Gimme that old time religion. You know, the kind that people have when they're not running for president.

Pat Robertson had it. Admittedly, he's a gap-toothed, flap-eared loony who thinks G-d smites homo-friendly theme parks with hurricanes and handicaps presidential races in His spare time. But at least Robertson is authentic.

George W. Bush has it. Though his enemies hate him for it, he clearly believes that it's proper to use his faith to guide his presidency. I don't expect to run into President Bush handing out tracts on the "Four Steps To Salvation" outside an Evanescence concert, but faith is clearly something he takes seriously.

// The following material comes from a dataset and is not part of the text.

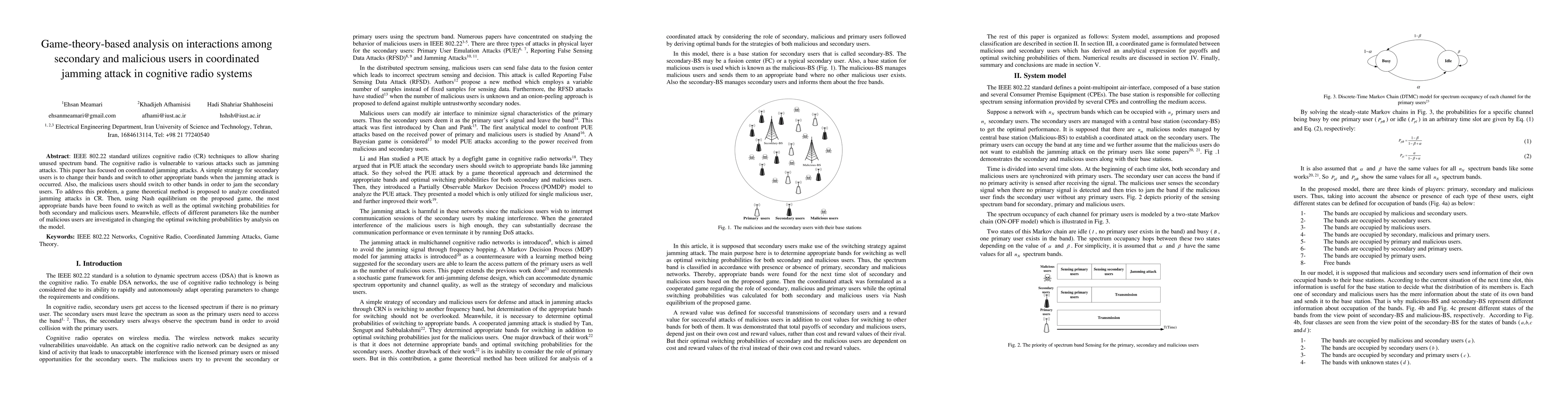 This paper proposes a game-theory-based method to analyze coordinated jamming attacks in cognitive radio systems, focusing on the interactions among secondary and malicious users. It determines optimal switching strategies and probabilities using Nash equilibrium to mitigate jamming attacks.
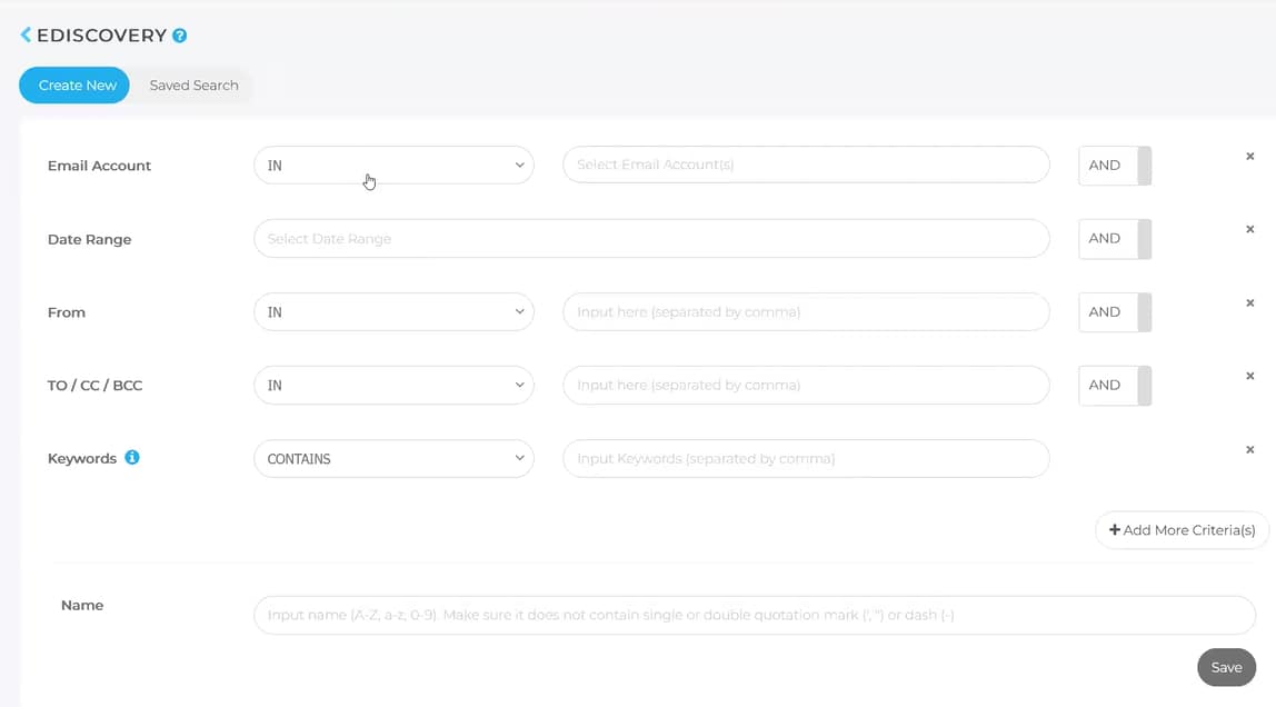la ricerca eDiscovery dispone di menu aggiuntivi per salvare i criteri di ricerca, visualizzare in anteprima i risultati della ricerca nelle e-mail e modificare i criteri di ricerca. È possibile impostare avvisi, TAG (che cos'è un TAG?) e processi di revisione sui risultati della ricerca eDiscovery, mentre non è possibile eseguire queste funzioni con la ricerca avanzata.

Then there's Howard Dean, the newly self appointed Doctor of Divinity. Just two months ago, Dean was telling Southerners that they should "stop voting on guns, G-d, gays and school prayer." His events didn't begin with prayer and, contrary to tradition, his speeches didn't end with "G-d bless America." He was, in fact, "one of the most secular candidates in modern history," according to the left-leaning New Republic magazine.

But today, with primaries in southern states like South Carolina and Virginia looming, religion has suddenly become a key part of the Dean campaign. Howard Dean has very publicly announced in the New York Times that he will be publicly announcing his very public faith on the campaign trail. St. Paul had the road to Damascus; Dr. Dean has the road to the White House.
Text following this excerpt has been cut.